The head of Volkswagen has called on the European Union to pursue a negotiated settlement to the war in Ukraine for the continent’s economy, in an intervention that challenges the position taken by European leaders.
“I think we should do everything we can to really stop this war and get back to negotiations and get back to trying to open the world again,” Herbert Diess told the Financial Times. Auto Future Summit on Monday.
“I think we shouldn’t give up on open markets and free trade and I think we shouldn’t give up on negotiating and trying to compromise.”
He spoke as Vladimir Putin claimed that Russia was forced into a “pre-emptive response” against Ukraine, adding that Kremlin forces were “fighting on their soil” in the conflict, just as Soviet forces did in World War II.
Addressing the annual Victory Day parade on Red Square in Moscow, the Russian president hinted that he would claim more Ukrainian lands, including those currently occupied by the Kremlin’s forces.
By contrast, in a speech shortly before Putin’s speech, Ukrainian President Volodymyr Zelensky accused the Russian leadership of repeating the “horrific crimes of the Hitler regime” by waging a war of atrocities and land grabs. “This is not a war of two armies,” he said in a video speech. “This is a two-sided war, a war waged by barbarians.”
Dis’s comments on the need for a settlement come a day after German Chancellor Olaf Schulz pledged, Continue to supply Ukraine with weaponsAdding that “surrender to brute force” was not an option for Europe.
While Schultz’s position has been publicly supported by German industry, disruptions in supply chains – exacerbated by the war in Ukraine – continue to hurt companies like Volkswagen, the world’s second-largest automaker.
A shortage of pigtails in the country has forced the company to cut production in recent weeks, and Volkswagen has run out of electric models in the United States and Europe for this year.
Dies said that if world trade continued to struggle, “Europe would suffer the most, and Germany would suffer, but I think that would be bad for the whole world.”
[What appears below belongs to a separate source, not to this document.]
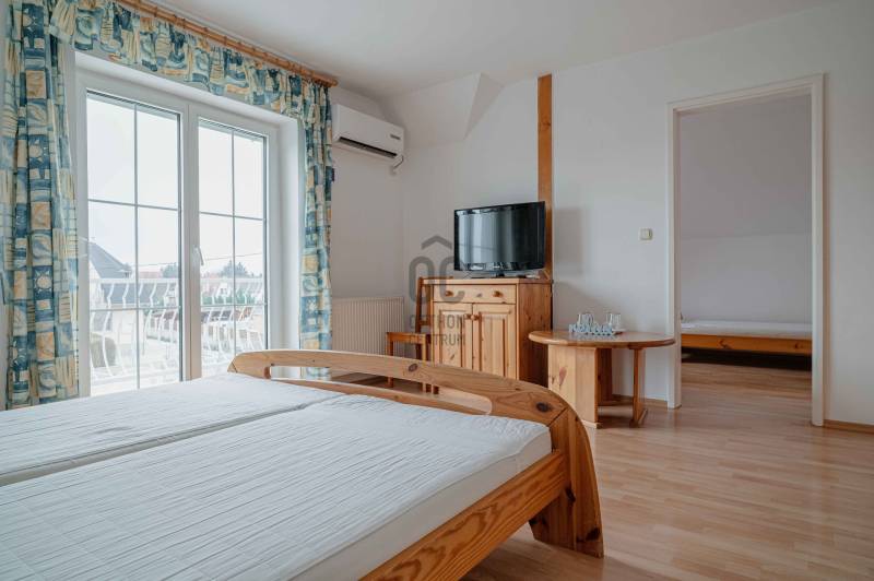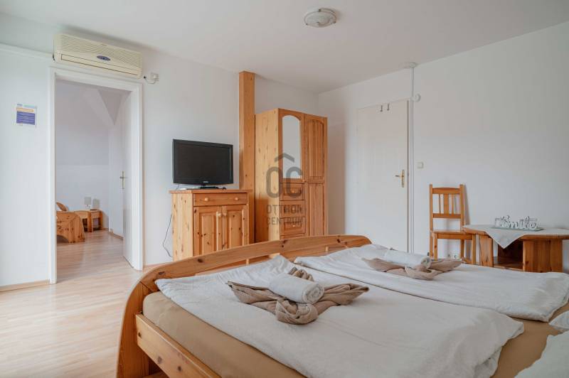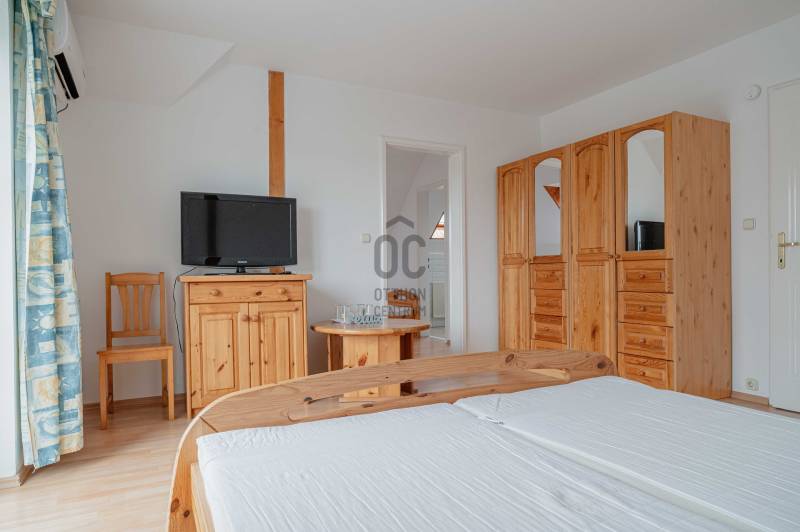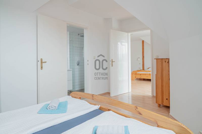 Kivételes lehetőség a Balaton egyik legkedveltebb településén! Ez a modern és energiahatékony családi ház ideális választás nagycsaládosoknak, befektetőknek vagy turisztikai hasznosításra. A kiváló lokáció, a több különálló lakrész és a prémium felszereltség garantálja az értékállóságot és a magas hozampotenciált.Lokáció – Balaton közelsége és kiváló infrastruktúra.* Mindkét strand kb. 10 perc kényelmes sétával elérhető* Nyugodt, üdülő-pihenő övezet, mégis kiváló megközelíthetőséggel* A környék ideális nyaralásra, állandó lakhatásra és kiadásra egyaránt* Közelben éttermek, kerékpárutak, bevásárlási lehetőségek* A közeli Keszthely város teljes infrastruktúrát biztosítGyenesdiás a Balaton partjának egyik legértékesebb települése, ahol a természet közelsége és a fejlett turizmus kiváló befektetési környezetet teremt.Az ingatlan főbb jellemzői.Telek és épület:* Földszint + emelet kialakítás* Teljes felújítás: 2022* Napelemes rendszer szaldós elszámolással* Központi gázfűtés + padlófűtés az alsó szinten* Minden helyiségben hűtő-fűtő klíma* Kültéri kamerarendszerFöldszint elrendezése:* Előtér* Vendég WC* Tágas nappali / étkező* Konyha* 2 hálószoba* Fürdőszoba + WC* Terasz* Mosókonyha* Elektromos kapus garázs (1 autó részére)Emelet:* 3 különálló lakrész* Lakrészenként: * 2 hálószoba * Saját fürdőszoba + WC * Saját erkélyIdeális apartmanozásra, vendégház vagy panzió kialakítására!Kültéri extrák és kert:* 6 × 10 × 1,5 m csempézett úszómedence automata vegyszeradagolással* Automata öntözőrendszer* Fedett fa kerti kiülő* Játszótér* 3 autó részére térkövezett parkoló* Külön garázsbejáró* 2 elektromos kapuBefektetési szempontból kiemelkedő lehetőség:✔ Balaton közeli elhelyezkedés – magas bérbeadási kereslet✔ Több különálló lakrész – azonnali hasznosítási lehetőség✔ Teljes felújítás – nincs további beruházási költség✔ Energiahatékony működés napelemmel✔ Kiváló ár-érték arány a lokációhoz képestIdeális választás:* Nagycsaládosoknak* Többgenerációs otthonnak* Befektetőknek (apartman, vendégház)* Balaton közeli nyaralónak* Prémium értékálló ingatlant keresőknekÖsszegzés:Ez az ingatlan ritka kombinációja a prémium elhelyezkedésnek, modern műszaki tartalomnak és kiváló befektetési potenciálnak. A Balaton közelsége, a több lakrész és a teljes felújítás garantálja az értékállóságot és a kiemelkedő hozamlehetőséget.Érdeklődjön bizalommal, és tekintse meg személyesen ezt a kivételes gyenesdiási ingatlant!

Germany is currently debating whether it can withstand an abrupt halt to Russian gas supplies. a New study One government adviser found that the German economy would lose about 12 percent of its annual output if supplies were suddenly cut off.
Dis, the Volkswagen driver, who previously warned that a prolonged war would do More damage to Germany and Europe from the Covid-19 pandemichas sparked criticism for previous comments.
In 2019, he apologized after using the phrase “Ebit macht frei”, or “Profits will set you free” – an apparent manipulation of the phrase “Arbeit macht frei”, or “Labour will set you free”, which was forged at the gates of the Auschwitz concentration camp. Later that year, he said it was “unaware” China’s mass detention of Muslims in Xinjiang Province.
On Monday, Diess also warned that the German group would struggle to overtake Tesla as the world’s largest electric car maker by 2025.
“I did not expect our main competitor in the United States to grow so quickly,” he said.